Der schnellende Finger betrifft im Verlauf des Lebens etwa 2 bis 3 Prozent der Bevölkerung. Bei Menschen mit Diabetes mellitus ist die Prävalenz mit 10 bis 20 Prozent deutlich höher; das ist klinisch wichtig, weil Diabetiker außerdem schlechter auf die konservative Therapie ansprechen und häufiger eine Operation benötigen. Frauen sind häufiger betroffen als Männer, der Altersgipfel liegt zwischen dem 50. und 60. Lebensjahr. Am häufigsten betroffen sind Daumen, Mittelfinger und Ringfinger; mehrere Finger nacheinander oder gleichzeitig sind nicht selten.

Weitere Risikofaktoren sind Schilddrüsenunterfunktion, rheumatoide Arthritis, Amyloidose, Gicht sowie repetitive kraftvolle Griffbelastung in handwerklichen Berufen. Eine Sonderform ist der kindliche schnellende Daumen (Pollex flexus congenitus), der eine eigene Krankheit mit eigener Prognose und Behandlung ist und nicht mit der Erwachsenen-Variante verwechselt werden sollte.

Wie sich’s zeigt

Der namensgebende Schnappmechanismus ist das Leitsymptom: ein Finger bleibt bei aktiver Streckung oder Beugung am Ringband hängen und schnappt unter Schmerzen frei. Typisch sind außerdem eine morgendliche Versteifung des Fingers mit Lockerung nach mehrmaliger Bewegung und ein lokal umschriebener Schmerz in der Hohlhand über dem Fingergrundgelenk.

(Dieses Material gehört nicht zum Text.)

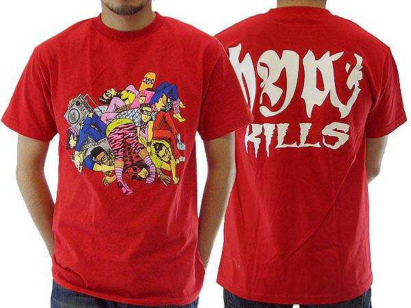 フロントプリントはアメリカアニメらしいタッチのキャラクターがカラフルに描かれています。バックプリントには『KILLS』の文字がおどおどしく描かれています。全体的にポップカラーリングでインパクト大なので個性的なスタイリングを好む方、ストリートの視線を集めたい方にオススメです!!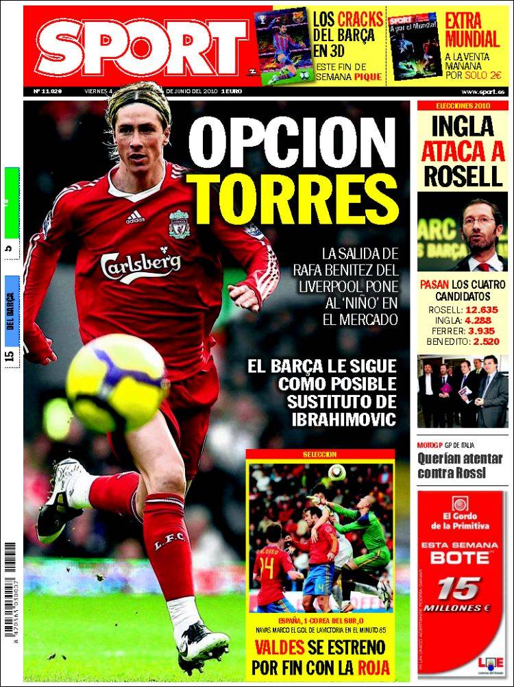Sull’altro quotidiano catalano Sport si parla sempre del calciomercato del Barcellona con i catalani che potrebbero puntare su Fernando Torres per sostituire Zlatan Ibrahimovic. Lo spagnolo dovrebbe lasciare Liverpool ora che il suo “mentore” Benitez ha abbandonato la società inglese. Tuttavia sullo spagnolo c’è anche l’Inter, probabilmente la futura squadra del manager iberico.

Im fortgeschrittenen Verlauf wird der Schnappmechanismus stärker und tritt schon bei einfachen Alltagsbewegungen auf. In schweren Stadien bleibt der Finger in einer gebeugten Stellung blockiert und kann nur mit der anderen Hand passiv gestreckt werden. Bei der Inspektion ist häufig ein tastbarer Knoten in der distalen Hohlhand über dem Ringband zu spüren, der sich bei aktiver Fingerbewegung mitbewegt.

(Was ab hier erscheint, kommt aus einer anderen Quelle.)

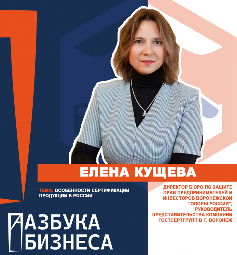 Кущева Елена - директор Бюро по защите прав предпринимателей и инвесторов Воронежской "ОПОРЫ РОССИИ", руководитель представительства компании ГОСТСЕРТГРУПП в г. Воронеж

Klinisch teilt man den Schweregrad in vier Stadien ein, die die Therapieentscheidung steuern: Schmerz und Knoten ohne Schnappen (Stadium I), aktives Schnappen mit aktiv möglicher Reduktion (II), Schnappen mit nur noch passiv möglicher Reduktion (III) und fixierte Beugekontraktur ohne Reduktion (IV).

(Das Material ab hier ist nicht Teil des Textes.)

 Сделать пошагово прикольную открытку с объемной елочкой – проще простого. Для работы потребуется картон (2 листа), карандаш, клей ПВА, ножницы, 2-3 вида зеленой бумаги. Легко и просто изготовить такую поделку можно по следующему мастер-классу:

Die Diagnose ist klinisch. Ultraschall kann eine Verdickung des A1-Ringbands und der Beugesehne darstellen und ist für eine gezielte Spritze hilfreich, jedoch nicht obligat. Differenzialdiagnostisch sind eine Dupuytren-Kontraktur (palpabel verhärteter Strang in der Hohlhand, langsam fortschreitende Streckunfähigkeit ohne Schnappen) und ein Karpaltunnel-Syndrom (nächtliche Kribbel- und Taubheitsgefühle in den ersten drei Fingern) abzugrenzen.

Was die Behandlung trägt

Die Erstlinie ist eine Kortikoid-Spritze an das A1-Ringband, kombiniert mit einer kurzfristigen Schiene in Streckstellung. Anders als bei den meisten Tendinopathien ist die Spritze hier nicht kritisch, sondern wirkt direkt auf das gereizte und verdickte Bindegewebe von Sehne und Ringband. Die Ansprechrate liegt bei Nicht-Diabetikern bei etwa 60 bis 90 Prozent, bei Diabetikern deutlich niedriger.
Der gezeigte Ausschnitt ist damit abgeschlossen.